# Veni, Vidi, Vici



## fragilistic

Hi...
I have a very quick question concerning the phrase "Veni, vidi, vici." My Latin teacher pronounces Veni with a long e sound. However, my friend has a different Latin teacher, and he pronounces Veni with a short i sound, more like 'vini.' Which teacher is right, or is just a matter of preference to make the sentence sound better?


----------



## Forero

The short answer is: _your_ teacher is right.  But without hearing the other teacher's pronunciation, I can't say whether it is at all authentic.

Here's some more detail:

When classical Latin was written, the vowels were written as the Romans pronounced them, except that length was not indicated.  Both the _e_ and the _i_ of _veni_ were long and sounded approximately like the names of those letters in Spanish or Italian.

But before Latin became the Romance languages, the whole rhythm and accent of Latin changed, and the vowels became more like they are in modern German, except for short _i_ and short _u_, which were only a little bit different.  At one point, short _i_ sounded a lot like long _e_, and short _u_ sounded a lot like long _o_, and native speakers of Latin became confused about spelling vowels since there had come to be more vowel sounds than vowel letters.

On top of the difference in native Latin sounds, the English sounds commonly used to teach Latin make things even more complicated.  Since Latin was first taught in England until now, English vowels have changed so much that what we call "long _e_" or "short _i_" in English words are very different sounds from the native Latin sounds.  Our vowels, especially when accented, are glides rather than pure vowels like the Romans used/use.  An English glide begins with one vowel sound and glides to another, usually a _y_, a _w_, or a _schwa_ (vowel that doesn't correspond to any letter in particular).


----------



## Musical Chairs

My teacher said it like "weenie," though I can see it being like "winnie" if the person said it really fast.

I think it sounds better like "weenie" because the words after that are said like "weedie" and "weekie" (parallel construction if you will) as far as I know.


----------



## Forero

Musical Chairs said:


> My teacher said it like "weenie," though I can see it being like "winnie" if the person said it really fast.
> 
> I think it sounds better like "weenie" because the words after that are said like "weedie" and "weekie" (parallel construction if you will) as far as I know.

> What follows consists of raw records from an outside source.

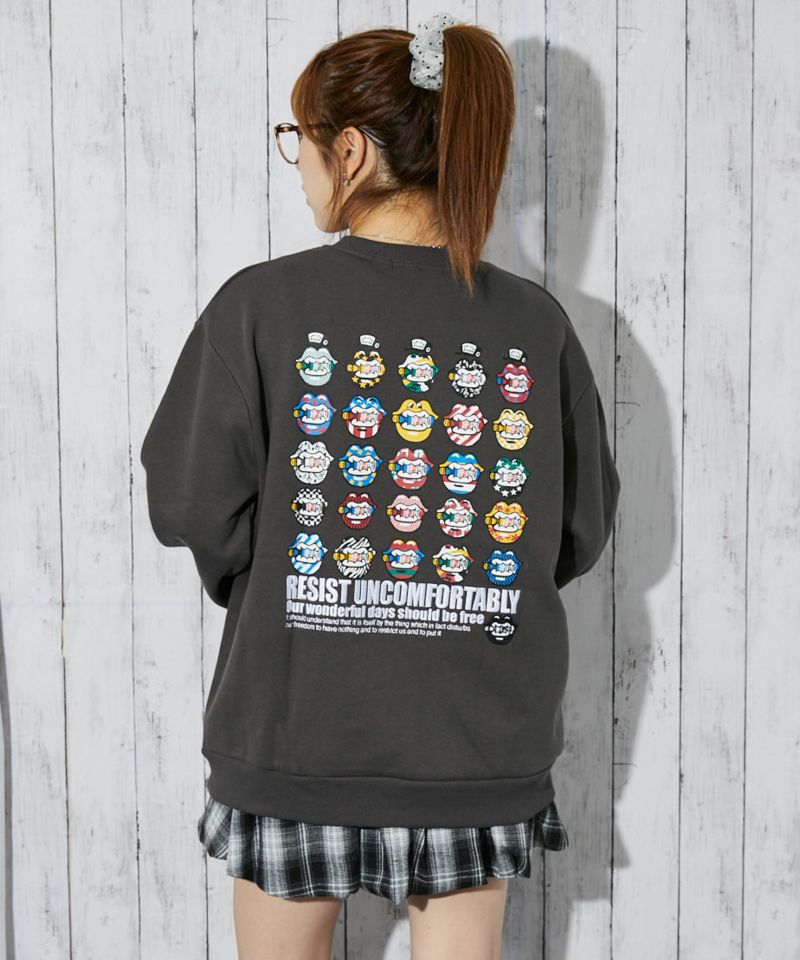 カラフルなリップモチーフが並んだバックプリントが目を惹く裏起毛スウェット。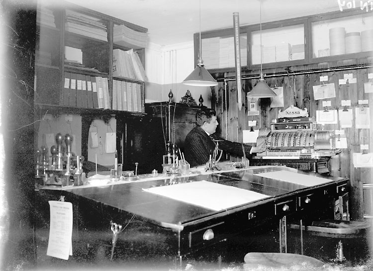 Enligt senare noteringar: "Interiör, kassakontor. Edw. Schlaugs kontor, Eskilstunaboden."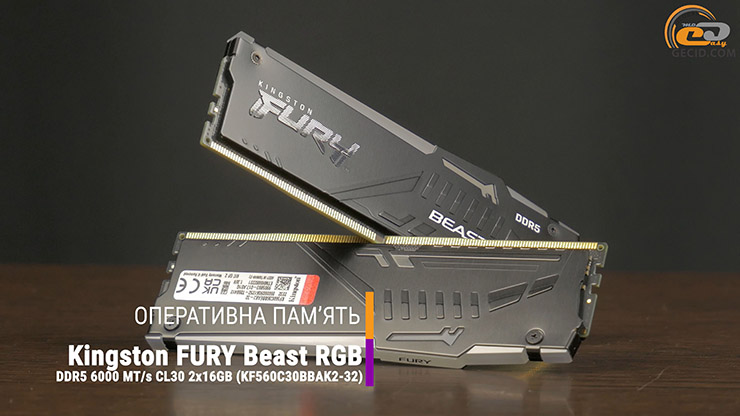 Як ОЗП використовувався яскравий комплект DDR5-6000 з двох 16-гігабайтних модулів Kingston FURY Beast DDR5 RGB, які ми розігнали до 6400 МТ/с з таймінгами 32-39-39 після збільшення напруги живлення до 1,4 В.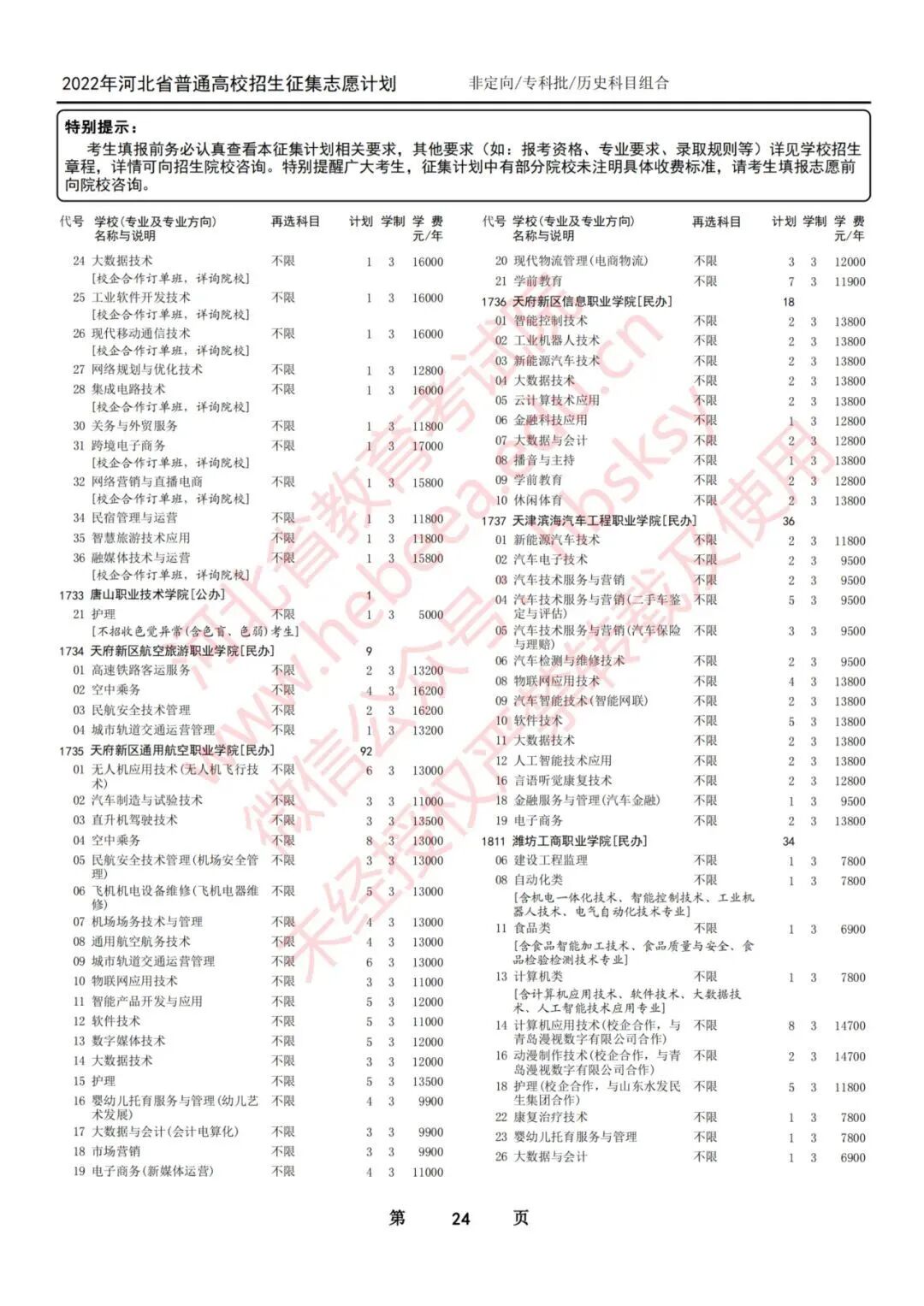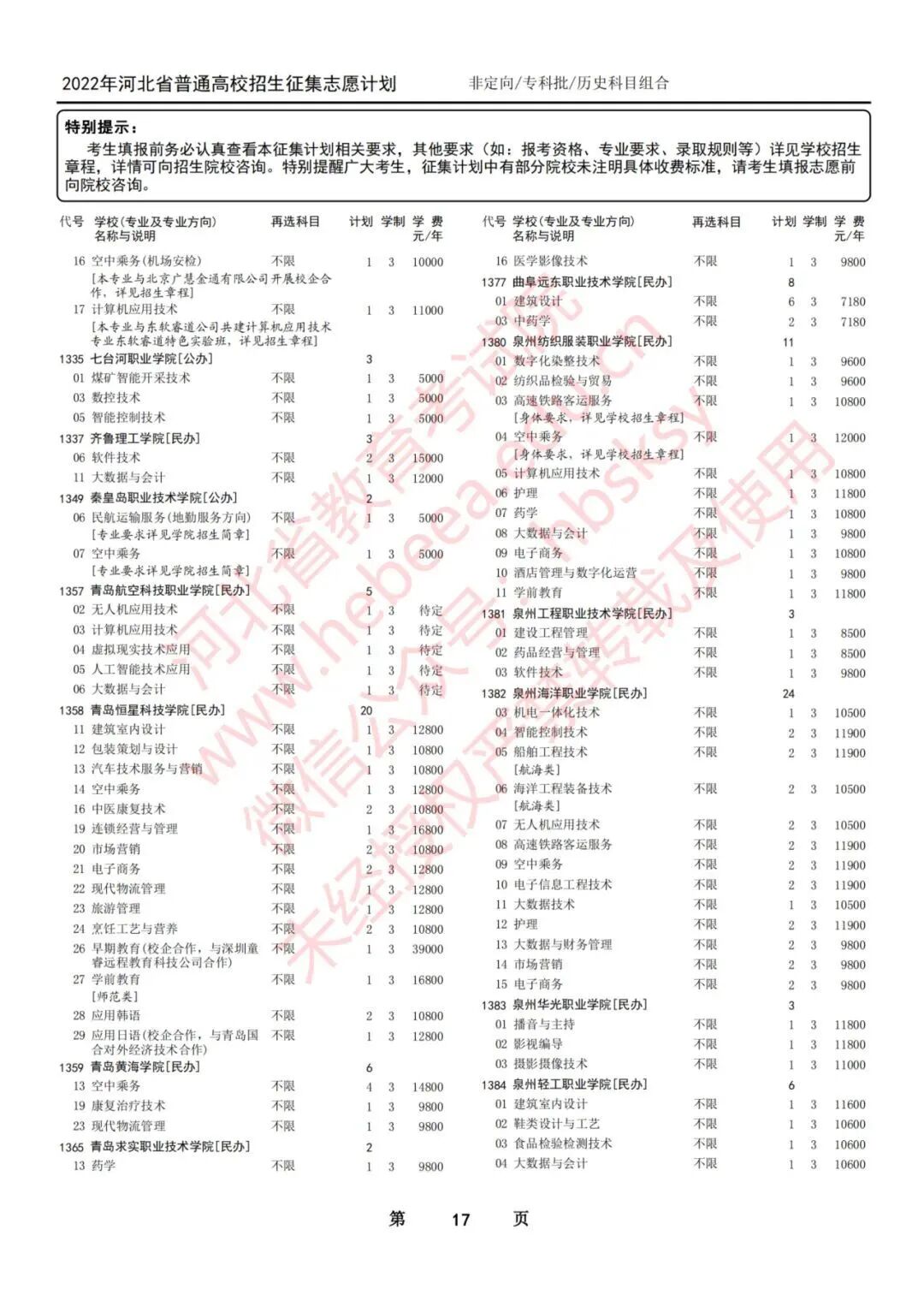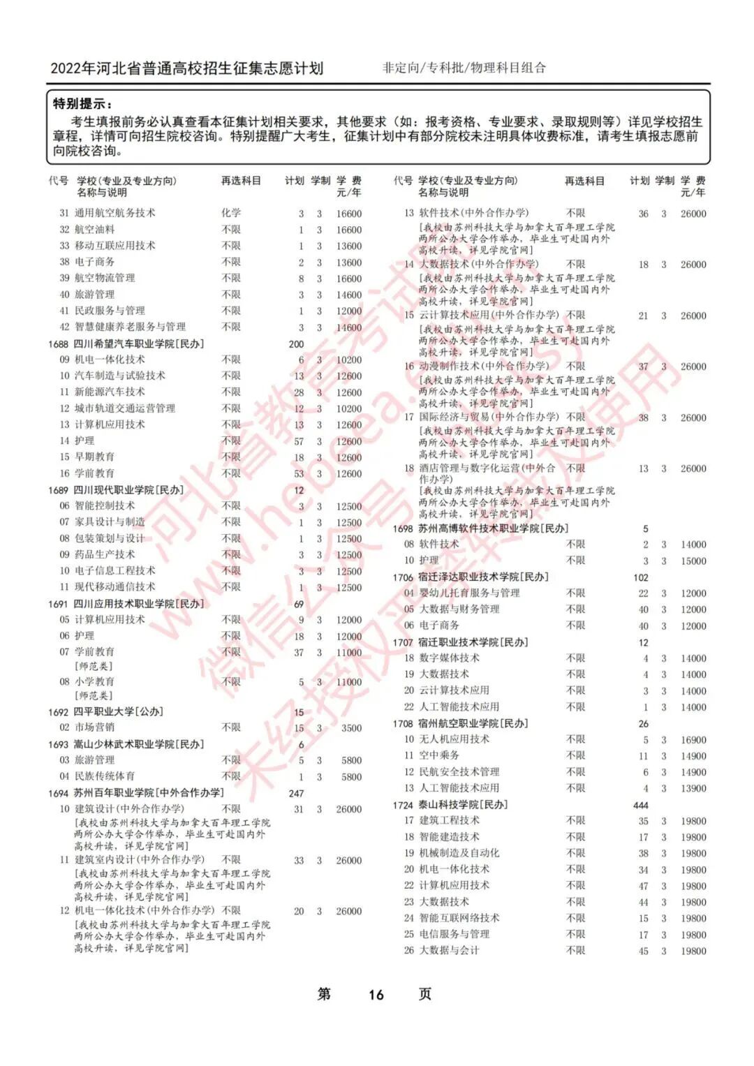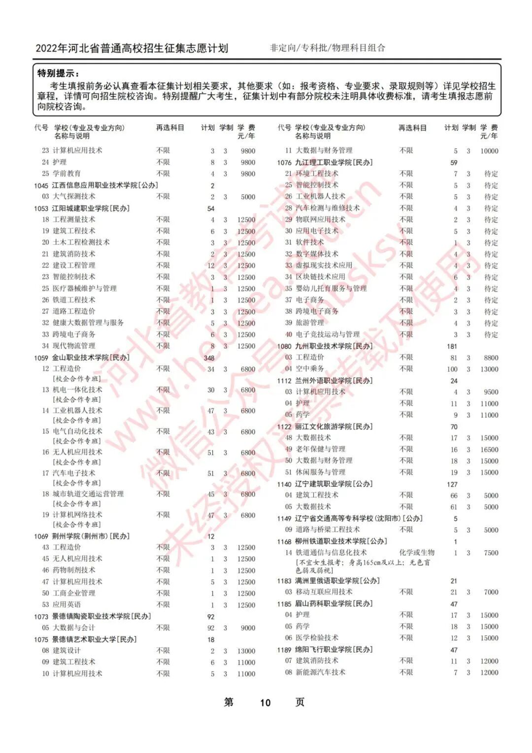 二、本征集计划是专科批集中填报志愿录取结束后院校缺额和新增计划。考生须按照本次征集公布的院校(专业)填报,以免造成无效志愿。专科批第一次征集志愿录取时不降分,仍执行专科批文化控制分数线。院校在录取过程中有可能根据生源情况调整计划,由院校负责解释。

The first vowels of these three words are not supposed to be the same, tempting as it is to make them rhyme.  The use of the initial "w" sound indicates the teacher is attempting to imitate Classical Latin but is mispronouncing the _e_ of _veni_ because all the other vowels are _i_'s.


----------



## Whodunit

Forero said:


> The use of the initial "w" sound indicates the teacher is attempting to imitate Classical Latin ...


 
That's called an alliteration. 

I pronounce the _e_ in _Veni_ long, a mixture between the sound of English _ay_ (in _lay_) and _ee_ (in _bee_). The sound doesn't exist in English.

The _i_'s in _vidi_ and _vici_ are all long like English _ee_.

The _c_ can be pronounced either as _k_ (in _kind_) or _ch_ (in _church_). I prefer the former, but only because that's the way I was taught to be pronounce it like that.


----------



## virgilio

Forero,
         You wrote:" When classical Latin was written, the vowels were written as the Romans pronounced them, except that length was not indicated."

Depends, I would say, on what you mean by "indicated". They may not have been visibly indicated, as Arabic, for example, does but in Latin verse the vowel lengths of vowels in naturally short syllables is very clearly indicated to anyone who has learned the scansion system.

Virgilio


----------



## Forero

virgilio said:


> Depends, I would say, on what you mean by "indicated".


 
Hi, virgilio:

I was referring to the fact that the word _latus_, for example, with a long _a_ was spelled the same as the other word _latus_, with a short _a_, and also because of a shorter _a_, _pater_ did not quite rhyme with _mater_ and _frater_ just as _father_ does not rhyme with _mother_ and _brother_.

_V_ actually had at least three different pronunciations: two lengths in _murus_, for example, plus whatever the _u_s sounded like in _uacuum_ and _equus_. I need someone else to respell Latin words for me using breves, macrons, and _v_s contrasted with _u_s before I dare to pronounce them. Or, as I believe you were alluding to, I could make a pretty good guess if I saw words used in a poem.


----------



## virgilio

Hi, Forero,
              Thanks for your reply. That's why I much prefer reading Virgil and Ovid to reading Cicero and Livy, excellent though the latter two undoubtedly are. The verse-writers give you the music.
Reading the prose writers is like reading an orchestral score; reading the poets - and especially Ovid - is like playing the CD.

Best wishes
Virgilio


----------



## unknown001

In Caesar's time, he would have pronounced it:

_"Wain-ee, Wee-Dee, Wee-Kee".
_"Veni, vidi, vici."


----------



## VISEL

Please, use acapela (demo.acapela-group.com/)  
italian speaker.
The pronunciation and accent are the same.

Ave Caersar, Visel te salutant!


----------



## Forero

VISEL said:


> Please, use acapela (demo.acapela-group.com/)
> italian speaker.
> The pronunciation and accent are the same.
> 
> Ave Caersar, Visel te salutant!


 


VISEL said:


> Please, use acapela (demo.acapela-group.com/)
> italian speaker.
> The pronunciation and accent are the same.
> 
> Ave Caersar, Visel te salutant*o*!


 
Thank you, Visel.  And welcome to the forum.

I have not been able to get acapela to "speak" for me, but let me say that the Italian pronunciation is authentic but not quite classical when it comes to the _v's _and the _c_, but the long _e_ and _i_ are as classical as I can imagine possible without an actual audio recording from ancient Rome.


----------